Extract cell-specific cosine similarity matrix from latent representations for downstream analysis

import warnings
warnings.filterwarnings("ignore")
from model.train import *
from model.utils import *

load input data and build the dataset

data_path = './SVC/' 
dataset = 'data/xenium_mouse_brain' 
device = 'cuda:1'

train_image = np.load(f'{data_path}{dataset}/cell_gene_map_low_res_rep1.npz')["image"]
print("shape of total map of low resolution:",train_image.shape)
cell_median = np.median(train_image.sum((1,2,3)))

location =  np.load(f"{data_path}{dataset}/cell_location_rep1.npy") 

cell_morphology = np.load(f"{data_path}{dataset}/cell_morphology_rep1.npz")["image"]
nuclear_morphology = np.load(f"{data_path}{dataset}/nuclear_morphology_rep1.npz")["image"]
print(cell_morphology.shape) 
print(nuclear_morphology.shape)


cell_type = np.load(f'{data_path}{dataset}/pred_cell_type_rep1.npy')
print("shape of cell_type:", cell_type.shape)
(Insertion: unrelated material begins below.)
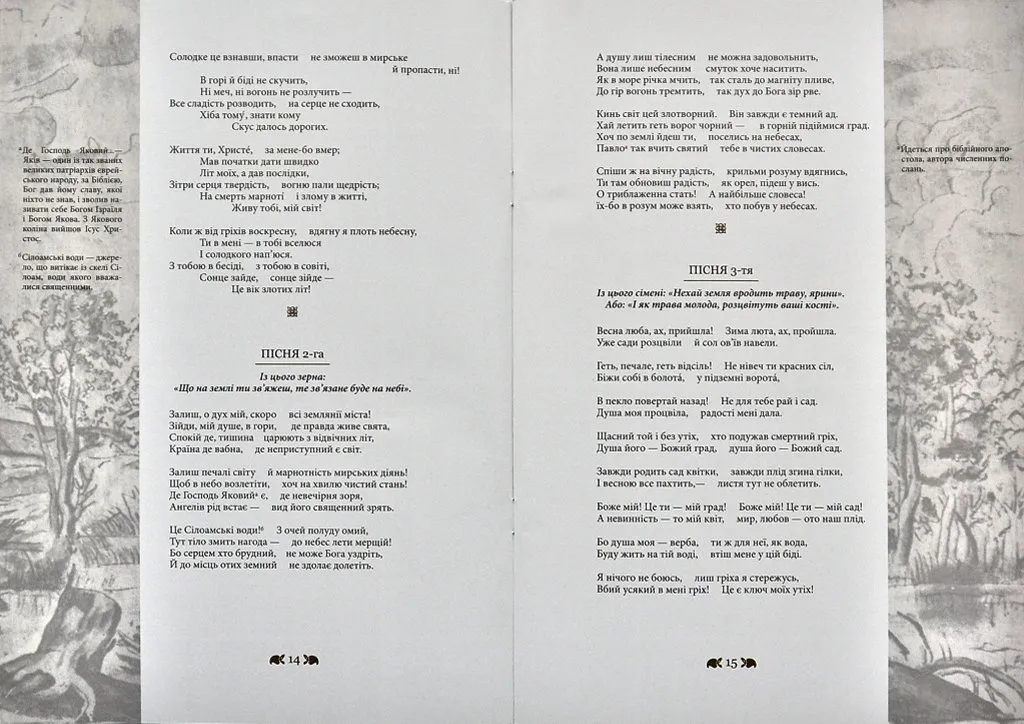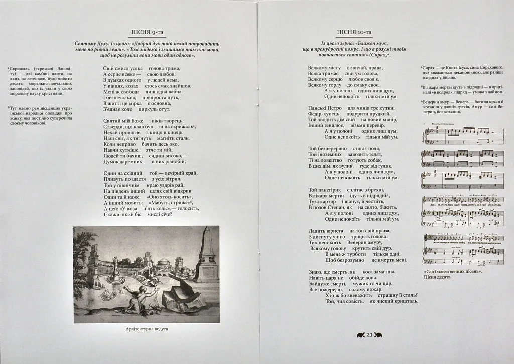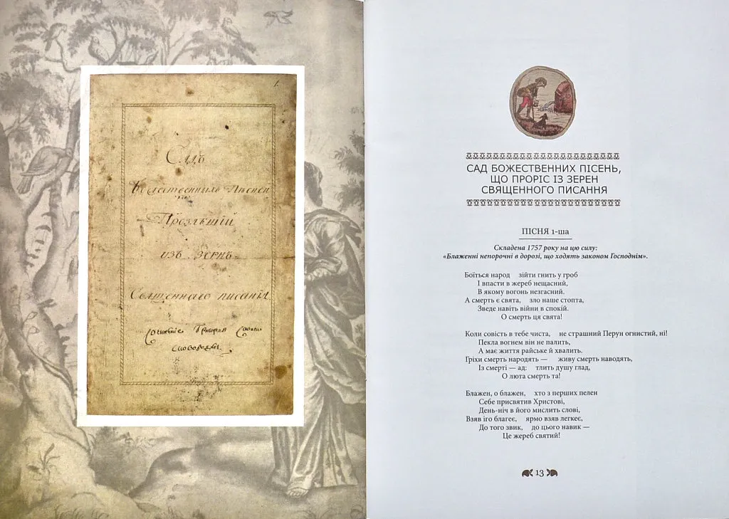 В цьому виданні подано вибір найпопулярніших творів українського поета і мислителя XVIII століття. З огляду на використання цих текстів в старших класах середніх шкіл і для тих школярів і вчителв, які зацікавляться творами Сковороди, всі тексти подаємо в перекладі на сучасну літературну мову з урахуванням цезур. Цезура — це пробіл посередині рядка у силабічному вірші. Він (пробіл) був для того, щоб при читанні робилася пауза. Система ілюстрацій відбиває образотворче бачення світу XVIII століття.

cell_type_uni, cell_type_indices = np.unique(cell_type, return_inverse=True)
cell_type_label = np.eye(len(cell_type_uni), dtype=int)[cell_type_indices]
print("shape of cell_type_label:", cell_type_label.shape)

train_dataset = SVC_Dataset(
    data_ori=train_image,
    location=location,
    cell_morphology_vec=cell_morphology,
    nuclear_morphology_vec=nuclear_morphology,
    identity_vec=cell_type_label,
)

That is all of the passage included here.